As Minnesota lawmakers prepare to push legislation raising the state's minimum wage by $3.50 an hour, a nonpartisan think-tank releases data showing a major increase to $9.50 an hour would greatly improve the state's economy.
In Luverne, Minnesota, the minimum wage is $7.25 an hour, just under $15,000 per year for someone working full-time.
That's not nearly enough according to economic researchers at Minnesota2020.
"Minnesota is not creating the good middle-class jobs we need to sustain an economy," Minnesota2020's Joe Sheeran said.
A $9.50 Minnesota minimum wage would boost the state's low-wage worker's purchasing power by $470 million annually, according the latest Made In Minnesota report.
Lee Egerstrom is the author.
"This is what lifts people out of poverty and strengthens the community economy and strengthens the whole state of Minnesota," Egerstrom said.
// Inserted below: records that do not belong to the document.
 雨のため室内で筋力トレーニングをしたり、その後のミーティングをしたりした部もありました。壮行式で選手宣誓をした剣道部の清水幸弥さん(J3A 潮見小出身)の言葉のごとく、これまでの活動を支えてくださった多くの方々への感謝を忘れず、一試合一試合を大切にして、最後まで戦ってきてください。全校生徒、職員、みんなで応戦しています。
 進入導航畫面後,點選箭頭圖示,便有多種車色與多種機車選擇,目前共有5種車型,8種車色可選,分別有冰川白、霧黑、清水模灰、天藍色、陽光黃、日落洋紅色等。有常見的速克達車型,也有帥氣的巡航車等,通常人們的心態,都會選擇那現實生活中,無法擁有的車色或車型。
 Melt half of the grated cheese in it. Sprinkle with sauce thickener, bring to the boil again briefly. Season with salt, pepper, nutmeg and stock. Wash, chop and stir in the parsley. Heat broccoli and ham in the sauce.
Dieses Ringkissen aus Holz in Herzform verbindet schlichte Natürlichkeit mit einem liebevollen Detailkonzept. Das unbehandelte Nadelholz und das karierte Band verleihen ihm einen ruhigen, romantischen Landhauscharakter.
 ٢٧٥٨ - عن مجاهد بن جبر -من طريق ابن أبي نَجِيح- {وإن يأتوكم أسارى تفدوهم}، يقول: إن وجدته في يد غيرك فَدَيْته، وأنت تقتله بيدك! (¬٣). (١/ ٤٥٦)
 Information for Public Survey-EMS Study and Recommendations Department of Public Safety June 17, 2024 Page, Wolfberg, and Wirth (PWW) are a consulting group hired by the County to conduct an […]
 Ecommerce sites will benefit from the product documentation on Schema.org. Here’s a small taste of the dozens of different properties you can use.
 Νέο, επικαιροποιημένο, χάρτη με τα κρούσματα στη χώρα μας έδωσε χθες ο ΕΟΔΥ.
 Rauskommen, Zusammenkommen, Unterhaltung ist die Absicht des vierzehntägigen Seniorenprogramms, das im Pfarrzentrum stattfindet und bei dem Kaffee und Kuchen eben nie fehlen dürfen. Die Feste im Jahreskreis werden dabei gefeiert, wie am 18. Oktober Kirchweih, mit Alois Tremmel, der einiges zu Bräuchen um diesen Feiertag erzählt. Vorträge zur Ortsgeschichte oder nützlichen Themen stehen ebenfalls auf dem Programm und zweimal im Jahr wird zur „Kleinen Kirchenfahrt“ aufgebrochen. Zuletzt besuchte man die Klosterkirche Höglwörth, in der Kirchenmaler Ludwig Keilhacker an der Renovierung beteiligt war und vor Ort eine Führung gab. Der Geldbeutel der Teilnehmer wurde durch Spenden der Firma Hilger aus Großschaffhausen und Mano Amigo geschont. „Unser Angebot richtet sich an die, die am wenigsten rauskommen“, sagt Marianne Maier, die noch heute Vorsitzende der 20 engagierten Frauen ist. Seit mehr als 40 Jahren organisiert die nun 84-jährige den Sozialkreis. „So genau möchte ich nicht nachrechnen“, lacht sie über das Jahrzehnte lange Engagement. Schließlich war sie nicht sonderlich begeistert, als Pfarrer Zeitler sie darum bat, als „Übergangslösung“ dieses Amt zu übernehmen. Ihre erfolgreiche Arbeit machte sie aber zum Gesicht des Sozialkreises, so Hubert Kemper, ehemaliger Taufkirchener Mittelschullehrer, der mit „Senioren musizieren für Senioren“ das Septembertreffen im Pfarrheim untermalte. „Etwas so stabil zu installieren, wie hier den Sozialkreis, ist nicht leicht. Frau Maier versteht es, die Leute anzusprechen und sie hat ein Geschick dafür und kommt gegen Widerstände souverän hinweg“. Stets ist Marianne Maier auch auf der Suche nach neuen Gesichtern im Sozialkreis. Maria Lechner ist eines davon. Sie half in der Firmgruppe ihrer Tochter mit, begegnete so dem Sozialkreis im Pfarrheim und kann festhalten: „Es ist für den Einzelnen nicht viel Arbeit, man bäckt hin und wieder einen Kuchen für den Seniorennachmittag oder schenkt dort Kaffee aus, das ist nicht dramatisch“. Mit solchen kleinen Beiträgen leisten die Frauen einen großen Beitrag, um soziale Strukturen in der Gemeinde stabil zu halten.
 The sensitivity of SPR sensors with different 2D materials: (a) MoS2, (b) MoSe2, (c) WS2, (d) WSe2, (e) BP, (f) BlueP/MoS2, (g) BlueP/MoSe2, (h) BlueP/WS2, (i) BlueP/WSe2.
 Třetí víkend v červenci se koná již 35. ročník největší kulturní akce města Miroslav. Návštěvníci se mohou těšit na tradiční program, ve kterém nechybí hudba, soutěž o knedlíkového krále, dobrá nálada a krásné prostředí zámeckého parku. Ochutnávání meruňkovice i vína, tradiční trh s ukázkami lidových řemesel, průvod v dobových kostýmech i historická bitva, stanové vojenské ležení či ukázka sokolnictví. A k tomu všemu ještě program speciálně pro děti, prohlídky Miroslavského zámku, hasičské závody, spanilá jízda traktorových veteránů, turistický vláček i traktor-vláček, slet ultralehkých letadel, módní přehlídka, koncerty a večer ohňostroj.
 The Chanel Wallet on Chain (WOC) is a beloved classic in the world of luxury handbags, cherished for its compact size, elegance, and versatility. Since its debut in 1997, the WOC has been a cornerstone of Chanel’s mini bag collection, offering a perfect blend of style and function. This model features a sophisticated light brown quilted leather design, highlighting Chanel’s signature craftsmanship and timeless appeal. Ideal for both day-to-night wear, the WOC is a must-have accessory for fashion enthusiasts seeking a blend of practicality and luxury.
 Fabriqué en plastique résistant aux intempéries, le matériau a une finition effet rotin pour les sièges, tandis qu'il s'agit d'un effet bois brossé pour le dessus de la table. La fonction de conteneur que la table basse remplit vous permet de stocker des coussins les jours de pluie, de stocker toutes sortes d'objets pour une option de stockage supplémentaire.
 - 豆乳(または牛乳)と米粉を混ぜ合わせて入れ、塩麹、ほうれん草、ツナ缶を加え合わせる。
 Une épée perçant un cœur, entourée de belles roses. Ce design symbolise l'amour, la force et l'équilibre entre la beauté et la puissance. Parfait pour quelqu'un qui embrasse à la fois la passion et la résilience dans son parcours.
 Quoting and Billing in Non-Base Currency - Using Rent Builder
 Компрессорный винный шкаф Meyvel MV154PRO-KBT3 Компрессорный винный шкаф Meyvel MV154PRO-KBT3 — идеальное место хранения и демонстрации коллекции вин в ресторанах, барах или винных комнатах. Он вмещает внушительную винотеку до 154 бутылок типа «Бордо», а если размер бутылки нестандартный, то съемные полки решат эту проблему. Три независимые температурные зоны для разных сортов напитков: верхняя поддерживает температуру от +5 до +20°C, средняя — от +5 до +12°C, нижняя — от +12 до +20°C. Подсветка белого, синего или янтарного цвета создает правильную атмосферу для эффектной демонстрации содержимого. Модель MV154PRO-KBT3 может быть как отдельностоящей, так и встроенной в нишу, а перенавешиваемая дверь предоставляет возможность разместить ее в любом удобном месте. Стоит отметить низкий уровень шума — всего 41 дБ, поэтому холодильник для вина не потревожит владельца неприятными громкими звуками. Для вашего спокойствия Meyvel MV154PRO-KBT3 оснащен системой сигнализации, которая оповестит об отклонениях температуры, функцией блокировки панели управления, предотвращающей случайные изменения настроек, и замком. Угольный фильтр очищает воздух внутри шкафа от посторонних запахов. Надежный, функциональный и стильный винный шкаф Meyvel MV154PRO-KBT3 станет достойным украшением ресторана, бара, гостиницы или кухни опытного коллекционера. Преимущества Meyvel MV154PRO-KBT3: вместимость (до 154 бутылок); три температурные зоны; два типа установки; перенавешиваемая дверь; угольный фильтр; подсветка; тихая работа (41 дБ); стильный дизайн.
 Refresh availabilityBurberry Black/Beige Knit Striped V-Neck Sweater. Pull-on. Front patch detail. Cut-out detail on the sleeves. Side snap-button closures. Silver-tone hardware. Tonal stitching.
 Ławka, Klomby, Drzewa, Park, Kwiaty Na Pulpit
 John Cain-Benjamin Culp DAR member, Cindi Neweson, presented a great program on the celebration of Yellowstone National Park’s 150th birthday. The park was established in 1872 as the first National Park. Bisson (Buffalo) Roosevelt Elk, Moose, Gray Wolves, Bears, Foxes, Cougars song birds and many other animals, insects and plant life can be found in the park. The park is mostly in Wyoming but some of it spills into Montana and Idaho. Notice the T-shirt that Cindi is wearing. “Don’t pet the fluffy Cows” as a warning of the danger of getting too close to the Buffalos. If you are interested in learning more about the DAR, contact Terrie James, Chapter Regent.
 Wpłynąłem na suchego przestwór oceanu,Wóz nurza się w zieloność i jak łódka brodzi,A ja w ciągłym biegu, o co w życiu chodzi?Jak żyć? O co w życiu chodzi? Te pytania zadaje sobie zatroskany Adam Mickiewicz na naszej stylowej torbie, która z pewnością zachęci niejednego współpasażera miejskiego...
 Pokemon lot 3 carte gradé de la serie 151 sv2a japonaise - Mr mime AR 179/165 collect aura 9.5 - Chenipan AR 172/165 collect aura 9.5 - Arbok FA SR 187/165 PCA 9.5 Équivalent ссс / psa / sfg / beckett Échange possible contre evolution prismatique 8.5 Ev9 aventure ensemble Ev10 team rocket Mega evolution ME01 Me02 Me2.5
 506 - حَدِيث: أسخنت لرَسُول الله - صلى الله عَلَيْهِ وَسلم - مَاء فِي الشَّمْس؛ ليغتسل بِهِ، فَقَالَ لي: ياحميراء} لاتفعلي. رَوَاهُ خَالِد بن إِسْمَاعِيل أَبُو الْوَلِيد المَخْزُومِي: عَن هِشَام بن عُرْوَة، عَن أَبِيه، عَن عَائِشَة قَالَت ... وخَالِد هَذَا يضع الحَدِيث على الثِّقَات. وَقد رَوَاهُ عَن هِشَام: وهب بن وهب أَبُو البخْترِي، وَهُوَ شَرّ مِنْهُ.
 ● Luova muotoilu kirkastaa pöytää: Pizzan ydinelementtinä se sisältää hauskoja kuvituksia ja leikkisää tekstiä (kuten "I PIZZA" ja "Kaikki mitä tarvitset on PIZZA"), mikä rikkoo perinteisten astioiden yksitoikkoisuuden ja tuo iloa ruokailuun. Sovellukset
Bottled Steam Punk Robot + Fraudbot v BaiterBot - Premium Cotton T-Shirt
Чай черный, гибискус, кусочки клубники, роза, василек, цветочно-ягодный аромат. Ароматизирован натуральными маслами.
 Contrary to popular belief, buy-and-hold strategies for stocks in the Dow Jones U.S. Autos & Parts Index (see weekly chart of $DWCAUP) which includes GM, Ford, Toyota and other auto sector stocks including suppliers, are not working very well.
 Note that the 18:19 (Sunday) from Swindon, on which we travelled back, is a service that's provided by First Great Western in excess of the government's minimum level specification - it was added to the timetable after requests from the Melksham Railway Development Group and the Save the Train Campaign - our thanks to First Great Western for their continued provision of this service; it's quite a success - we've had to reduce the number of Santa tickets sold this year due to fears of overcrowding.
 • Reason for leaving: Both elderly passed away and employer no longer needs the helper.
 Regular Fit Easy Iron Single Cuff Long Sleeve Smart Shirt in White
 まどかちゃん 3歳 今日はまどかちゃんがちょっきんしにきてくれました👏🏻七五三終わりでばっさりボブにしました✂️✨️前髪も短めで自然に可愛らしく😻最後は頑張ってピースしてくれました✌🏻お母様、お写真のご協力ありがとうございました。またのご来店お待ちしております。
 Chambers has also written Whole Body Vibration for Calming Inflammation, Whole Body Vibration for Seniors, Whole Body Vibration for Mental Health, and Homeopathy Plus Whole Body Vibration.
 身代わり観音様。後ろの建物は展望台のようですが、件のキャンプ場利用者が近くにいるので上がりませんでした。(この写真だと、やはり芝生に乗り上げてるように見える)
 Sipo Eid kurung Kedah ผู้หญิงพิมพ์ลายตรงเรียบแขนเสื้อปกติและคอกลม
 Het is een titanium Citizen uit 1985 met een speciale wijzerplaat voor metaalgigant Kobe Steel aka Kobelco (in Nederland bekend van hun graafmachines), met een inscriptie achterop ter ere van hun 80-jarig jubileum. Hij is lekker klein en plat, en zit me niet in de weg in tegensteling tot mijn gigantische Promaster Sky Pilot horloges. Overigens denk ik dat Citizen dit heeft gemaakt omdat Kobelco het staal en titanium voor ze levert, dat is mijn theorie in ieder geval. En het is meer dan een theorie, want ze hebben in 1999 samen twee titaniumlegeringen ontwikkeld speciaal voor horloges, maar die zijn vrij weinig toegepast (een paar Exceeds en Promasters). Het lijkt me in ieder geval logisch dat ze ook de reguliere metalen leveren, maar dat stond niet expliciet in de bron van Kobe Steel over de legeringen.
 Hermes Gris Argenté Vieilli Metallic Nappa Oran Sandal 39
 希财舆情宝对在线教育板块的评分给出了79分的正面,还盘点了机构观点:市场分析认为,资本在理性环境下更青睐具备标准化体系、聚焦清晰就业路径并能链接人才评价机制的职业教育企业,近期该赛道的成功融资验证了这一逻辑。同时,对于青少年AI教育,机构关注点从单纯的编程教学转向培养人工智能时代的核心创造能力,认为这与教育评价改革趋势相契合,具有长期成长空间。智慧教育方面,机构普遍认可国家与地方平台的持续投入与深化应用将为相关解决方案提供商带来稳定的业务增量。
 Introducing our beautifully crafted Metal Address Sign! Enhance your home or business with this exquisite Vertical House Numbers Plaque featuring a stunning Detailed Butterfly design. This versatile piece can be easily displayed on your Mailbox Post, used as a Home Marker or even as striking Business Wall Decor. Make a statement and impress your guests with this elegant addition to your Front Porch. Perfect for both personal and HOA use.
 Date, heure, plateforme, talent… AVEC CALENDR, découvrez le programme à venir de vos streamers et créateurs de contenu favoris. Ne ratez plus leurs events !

And while opponents to raising the state's minimum wage argue it would just help teenagers, Minnesota2020 says their research finds that 77 percent of people earning the lowest wages are over 20-years-old.
And while some people in Luvurne say $9.50 is a bit steep for minimum wage, most we spoke to agree with Minnesota 2020's findings.
"I'm not as concerned frankly about how high it goes, I am more concerned that it be indexed with inflation because we have a lot of folks here who can barely make it and we need to share the wealth," Benjamin Vander Kooi said.
"Everybody has to have an opportunity to make a living," Janice Busse said.
Minnesota2020 also urges shoppers to be socially responsible by spending money at businesses who treat their workers fairly.
Minnesota2020 representatives say the minimum wage increase would impact 5,200 people in District 22, which covers the southwestern corner of the state.
In South Dakota, state democrats petitioned to put a minimum wage increase to $8.50 on next year's ballot.